Nu zijn er in bijna elke werkomgeving voldoende latente factoren om een ongeval te veroorzaken. Murphy’s law leert ons dat in een bepaalde situatie waarbij de kansen gelijk lijken empirisch bepaald kan worden. De kans dat iets fout gaat is groter dan de kans dat iets goed gaat. Een voorbeeld om Murphy’s law te illustreren: de kans dat een boterham met pindakaas, wanneer je deze per ongeluk laat vallen, met de besmeerde kant naar beneden valt, is groter dan andersom. Met andere woorden: de neiging tot het ontstaan van chaos is groter dan die tot het creëren van orde. Al met al betekent dit dat zolang latente factoren aanwezig blijven, er vanzelf een keer iets mis gaat.


Basisrisicofactoren

Het is noodzakelijk om de onderliggende oorzaken van mogelijke ongevallen in een vroeg stadium te ontdekken en risicoreducerende maatregelen daarop af te stemmen. Om inzicht te krijgen in deze onderliggende oorzaken wordt vaak gebruik gemaakt van het Tripod concept en de zogenaamde “Basic Risico Factoren” van Jop Groeneweg, psycholoog aan de Universiteit Leiden. De universiteit werd eind jaren tachtig door Shell benaderd omdat, ondanks veel inspanningen, er nog veel te veel ongelukken gebeurden bij Shell. Samen met de universiteit van Manchester begon men “eindeloos” ongevallen te analyseren. Hier kwamen uiteindelijk de elf Basis Risico Factoren uitrollen. “Ongevallen blijken verwant: Rampen gebeuren als het met een of meer factoren niet goed zit binnen een bedrijf. Bijvoorbeeld tegengestelde doelen.

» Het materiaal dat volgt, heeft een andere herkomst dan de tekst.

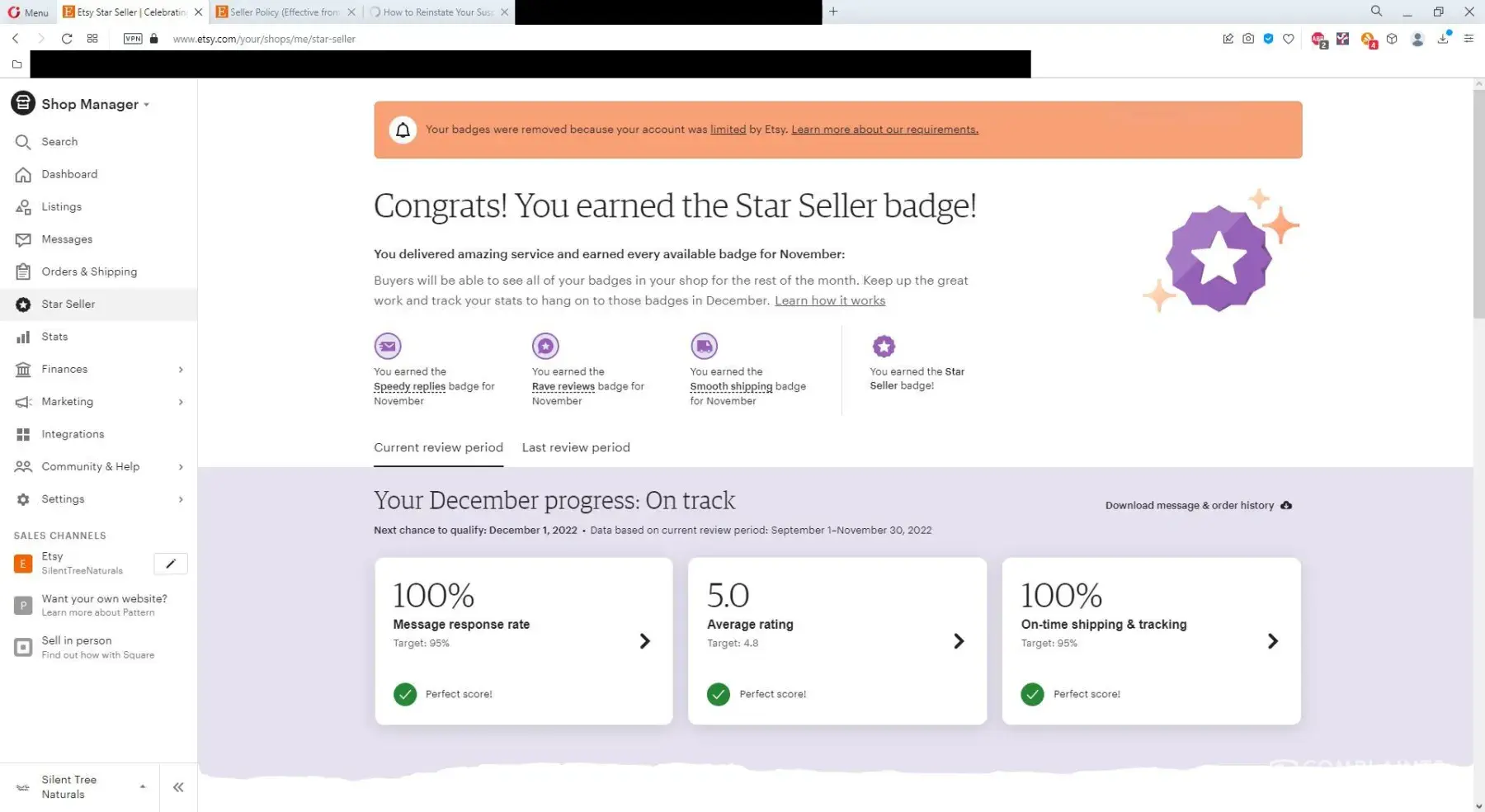 I was stripped of my earned badges and hidden from searches. I didn't just lose a month's worth of views, sales and potential future sales, but exposure at the biggest shopping time of the year!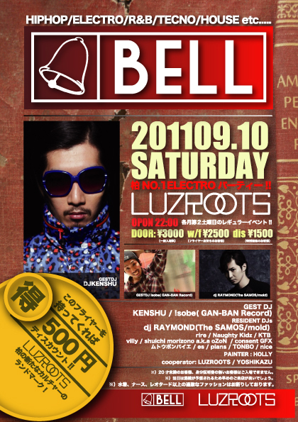 管理人様失礼いたします! 千葉&柏NO1エレクトロハウスパーティーBELLが今週土曜日です 今回は3人のゲストDJ ★DJ KENSHU★ ★DJ !SOBE★ ★DJ RAYMOND★ フェスやドミューンで大活躍の3人が集結 各djの動画をご覧ください まさに屋内フェスのような空間になります ディスカウントもまだありますのでメッセくださいね *このミクシーはお店のアカウントになりますのでご心配なく、気軽にメッセージください

Als een bedrijf officieel hoogdravende doelstellingen heeft, maar in werkelijkheid alleen maar naar de winst kijkt, gaat het mis. Met Basic Risico Factoren wordt de nadruk gelegd op de onderliggende oorzaken die aan de basis liggen van soms onschuldig lijkende begin-gebeurtenissen, maar grote gevolgen kunnen hebben.


11 basis risico factoren die de kans op een ongeval beïnvloeden:
      1. Ontwerp van de installatie, apparatuur en gereedschap.
      2. De kwaliteit van de apparatuur en gereedschap.
      3. De begrijpelijkheid, correctheid en aanwezigheid van instructies en procedures.
      4. De fysieke werkomstandigheden zoals temperatuur en lawaai.
      5. Dagelijks onderhoud (orde en netheid) van de werkplek.
      6. Geoefendheid en ervaring medewerkers.
      7. Tegenstrijdige doelen (veiligheid versus productie).
      8. Communicatie.
      9. De structuur van de organisatie.
      10. Het management van onderhoud.
      11. De aanwezigheid en werking van beheersmaatregelen en beveiligingen.